= List of United States political families (Y) =

The following is an alphabetical list of political families in the United States whose last name begins with Y.

==The Yates==
- Richard Yates (1818–1873), Illinois State Representative 1842–45 1848–49, U.S. Representative from Illinois 1851–55, Governor of Illinois 1861–65, U.S. Senator from Illinois 1865–71. Father of Richard Yates.
  - Richard Yates (1860–1936), Attorney of Jacksonville, Illinois 1885–90, Judge of Marion County, Illinois 1894–97; Collector of Internal Revenue for Illinois 1897–1900; Governor of Illinois 1901–05; U.S. Representative from Illinois 1919–33. Son of Richard Yates.

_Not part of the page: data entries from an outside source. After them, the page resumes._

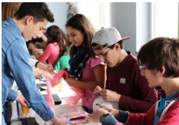
Schülergruppe beim Erfindungsspiel: Phantasievoll bei der Arbeit!

Fast spielerisch werden durch integrierte Übungen auch Defizite in Deutsch und Mathematik aufgearbeitet. Durch den fächerübergreifenden, interaktiven Lehrplan verbessern die Mädchen und Jungen ihre Ausdrucks-, Präsentations- und Rechenfähigkeiten ebenso wie ihre Kenntnisse in IT.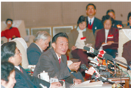
1994年3月,时任上海市委书记的吴邦国同志在全国两会上海代表团全团会议上。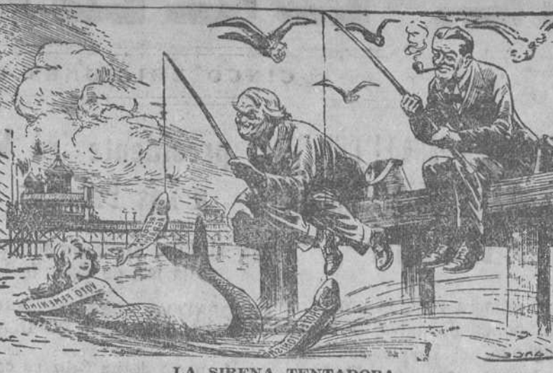
LA SIRENA TENTADORA ("John Blunt", Londres.)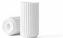
No. 200832 マットホワイト H12cm ¥ 7,500 φ 6cm H12cm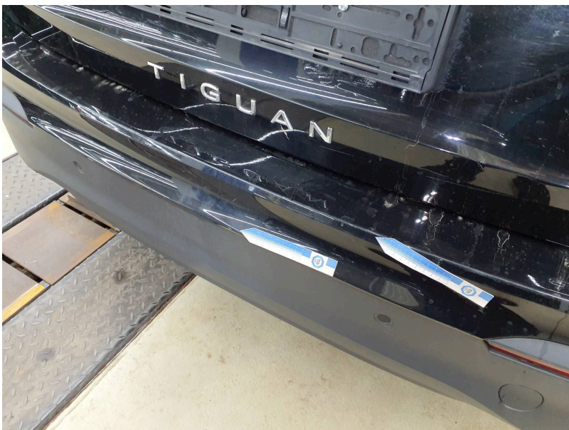
Stoßfänger: Stoßfänger hinten - Kratzer - lackieren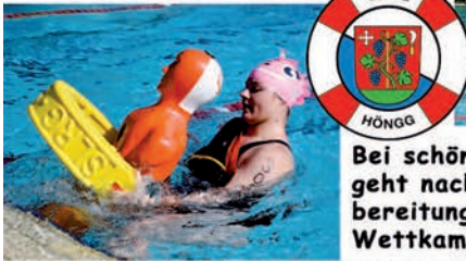
Bei schönstem Wetter geht nach langer Vorbereitung dieser tolle Wettkampf zu Ende!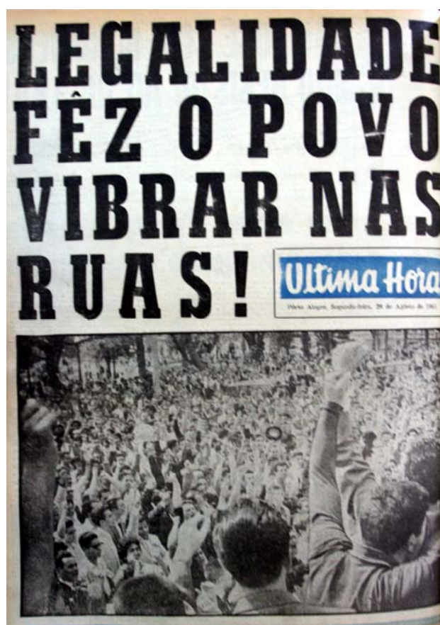
Figura 39 - Legalidade fez o povo vibrar nas ruas

denominada na manchete com “Povo”. Em outra foto na contracapa do Última Hora exibe uma foto que ocupa quase a totalidade da página em ângulo superior demonstrando operários organizados militarmente subindo a avenida Borges de Medeiros. Para completar este grupo de fotos destaque para a página central do Última Hora no dia 28 de agosto onde se vê uma sequência de fotos da multidão que compareceu na Praça da Matriz para saudar os líderes da legalidade Leonel Brizola e Machado Lopes.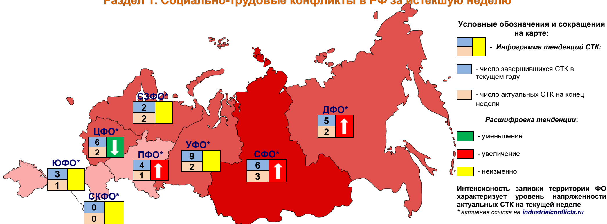
Рис. 1. Распределение СТК по федеральным округам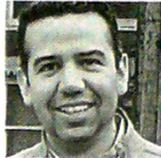
MAURICIO ZULUAGA Colaboración especial

Las elecciones del próximo 21 de octubre lucen como las más apretadas de los últimos tiempos en Canadá. Contrario a lo que pasó hace cuatro años, cuando los liberales obtuvieron el 54% de las sillas del Parlamento y ganaron el derecho a formar un gobierno mayoritario, las últimas mediciones muestran que lo más probable es que esta vez el partido que gane tendrá un gobierno minoritario o deberá formar una coalición política para poder regir los destinos de la nación.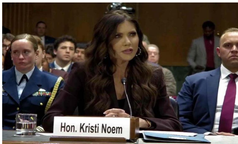
During a Senate Judiciary Committee hearing, lawmakers from both parties questioned Kristi Noem about an ad campaign that featured her, for which the government paid $220 million. President Trump fired Ms. Noem on Thursday.

( https://www.nytimes.com/es/2026/03/05/espanol/estados-unidos/trump-kristi-noem.html?rsrc=flt&smid=url-share )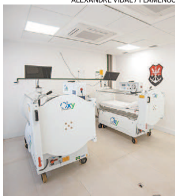
Investimento em estrutura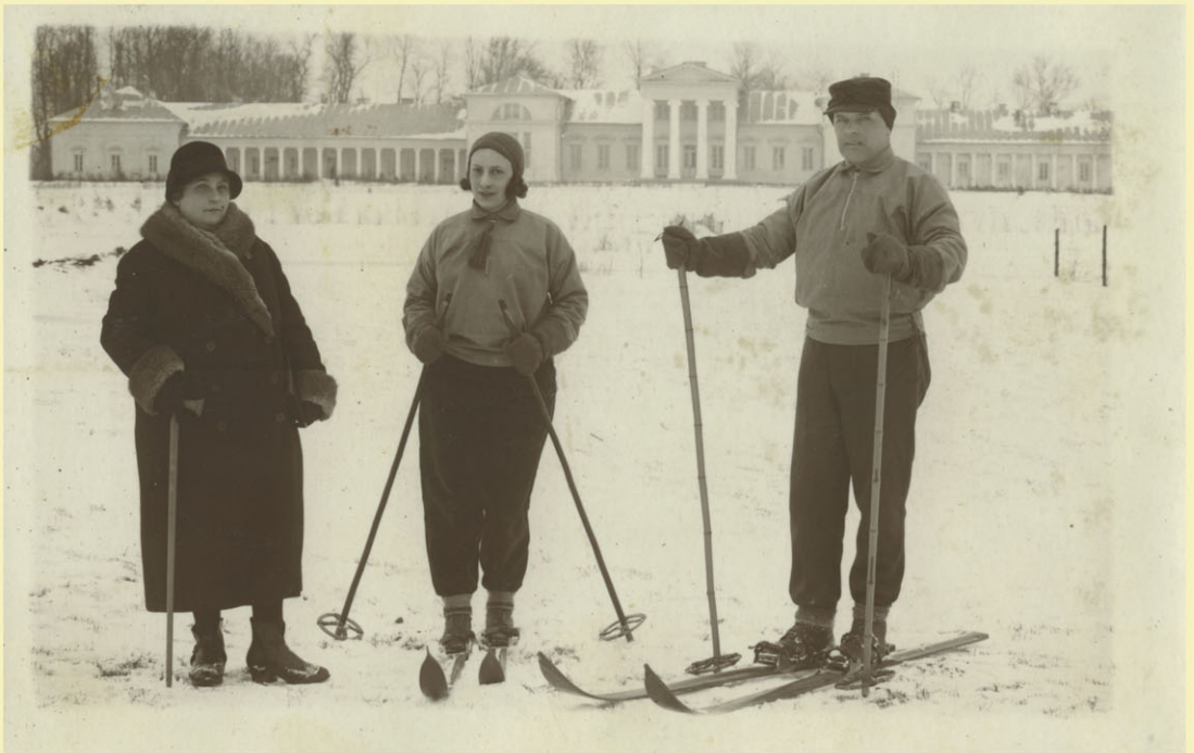
Późnoklasycystyczna rezydencja z początku XIX wieku Rdułtowskich, następnie Harthingów w Snowiu, majątku i miasteczku między Baranowiczami a Nieświeżem. W latach 30. siedziba batalionu i pułku Korpusu Ochrony Pogranicza „Snów”. Fotografia z lat 30. ze zbiorów Tomusza Kuby Kozłowskiego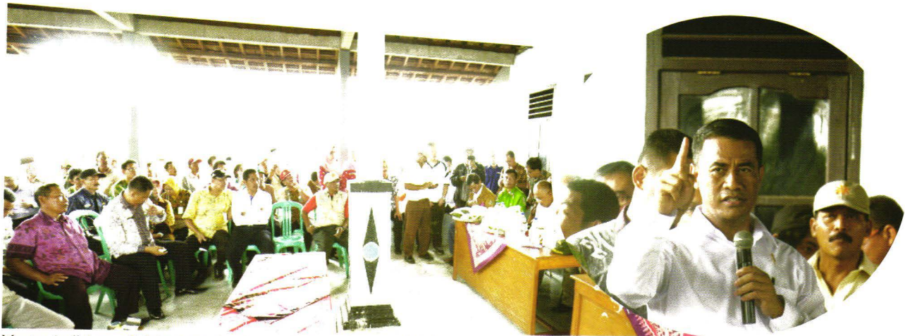
Mentan Andi Amran Sulaiman memberikan sambutan pada saat melakukan panen raya padi di Desa Bungo, Kecamatan Wedung, Kabupaten Demak Jawa Tengah.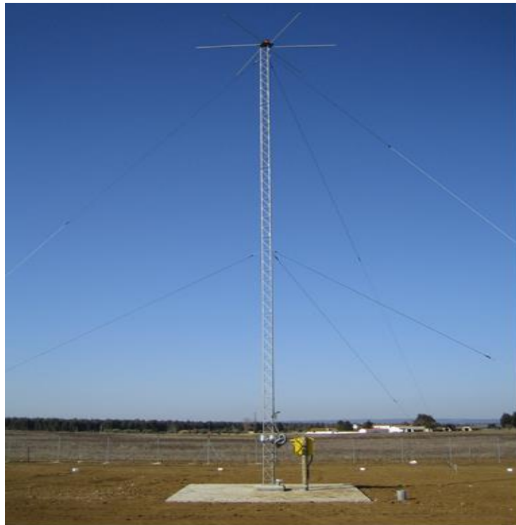
Rys. 1. Trasowa radiolatarnia NDB

Odbiornik pokładowy systemu NDB, czyli radiokompas (ADF – Automatic Direction Finder), po dostrojeniu do częstotliwości radiolatarni wskazuje kąt kursowy na radiolatarnię NDB z dokładnością \pm 6,9^\circ . Zakres częstotliwości odbiornika wynosi od 150 do 1750 kHz – jest rozszerzony w stosunku do typowego zakresu NDB dla zachowania możliwości namierzania publicznych radiostacji średniofalowych.

  - Richard Yates Rowe (1888–1973), Illinois Republican Committeeman 1943, Chairman of the Illinois Republican Party 1944, Illinois Secretary of States 1944–45, Treasurer of Illinois 1947–49. Relative of Richard Yates and Richard Yates.
    - Harris Rowe (1923–2013), Member of the Illinois House of Representatives 1961–67. Son of Richard Yates Rowe.

==The Youngs and Browns==
- William Singleton Young (1790–1827), U.S. Representative from Kentucky 1825–27. Brother of Bryan Young.

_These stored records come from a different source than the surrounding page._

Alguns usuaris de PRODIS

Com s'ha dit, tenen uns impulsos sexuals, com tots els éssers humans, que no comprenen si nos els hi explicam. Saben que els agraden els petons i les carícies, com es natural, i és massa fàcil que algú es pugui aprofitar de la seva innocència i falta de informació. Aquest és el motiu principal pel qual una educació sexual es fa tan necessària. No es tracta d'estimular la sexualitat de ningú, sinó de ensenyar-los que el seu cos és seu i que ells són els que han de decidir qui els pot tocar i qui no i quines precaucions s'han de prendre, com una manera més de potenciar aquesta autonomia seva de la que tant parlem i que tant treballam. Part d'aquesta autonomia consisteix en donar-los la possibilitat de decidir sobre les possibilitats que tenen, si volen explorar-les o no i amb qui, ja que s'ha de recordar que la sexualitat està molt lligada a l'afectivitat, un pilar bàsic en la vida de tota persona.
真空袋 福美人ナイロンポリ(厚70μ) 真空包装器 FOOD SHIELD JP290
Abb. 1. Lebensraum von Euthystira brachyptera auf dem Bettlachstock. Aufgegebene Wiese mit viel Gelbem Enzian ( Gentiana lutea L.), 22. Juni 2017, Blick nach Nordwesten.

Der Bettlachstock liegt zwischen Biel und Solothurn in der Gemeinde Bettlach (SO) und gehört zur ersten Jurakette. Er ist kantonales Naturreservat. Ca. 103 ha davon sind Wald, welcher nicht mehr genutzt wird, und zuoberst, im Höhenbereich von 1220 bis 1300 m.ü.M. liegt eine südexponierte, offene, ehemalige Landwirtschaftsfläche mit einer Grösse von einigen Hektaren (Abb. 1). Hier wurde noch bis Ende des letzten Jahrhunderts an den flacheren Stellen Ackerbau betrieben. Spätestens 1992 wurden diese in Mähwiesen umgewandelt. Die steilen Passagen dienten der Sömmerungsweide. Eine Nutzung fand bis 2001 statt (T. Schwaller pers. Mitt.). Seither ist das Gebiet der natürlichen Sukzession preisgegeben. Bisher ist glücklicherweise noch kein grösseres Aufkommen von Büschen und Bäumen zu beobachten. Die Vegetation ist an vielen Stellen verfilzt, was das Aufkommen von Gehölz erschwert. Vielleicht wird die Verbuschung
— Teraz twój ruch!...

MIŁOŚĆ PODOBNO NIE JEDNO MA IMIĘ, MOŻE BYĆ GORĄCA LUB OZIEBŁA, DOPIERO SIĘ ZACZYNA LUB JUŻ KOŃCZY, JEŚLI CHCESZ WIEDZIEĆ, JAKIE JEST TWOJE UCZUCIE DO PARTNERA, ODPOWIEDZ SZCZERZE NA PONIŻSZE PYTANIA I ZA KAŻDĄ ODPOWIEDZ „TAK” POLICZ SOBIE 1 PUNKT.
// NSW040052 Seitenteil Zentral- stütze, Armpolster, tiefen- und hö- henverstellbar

- Bryan Young (1800–1882), U.S. Representative from Kentucky 1845–47, Kentucky State Representative. Brother of William Singleton Young.
  - John Young Brown (1835–1904), U.S. Representative from Kentucky 1859–61 1873–77, Governor of Kentucky 1891–95, candidate for U.S. Representative from Kentucky 1896, candidate for Governor of Kentucky 1899. Nephew of William Singleton Young and Bryan Young.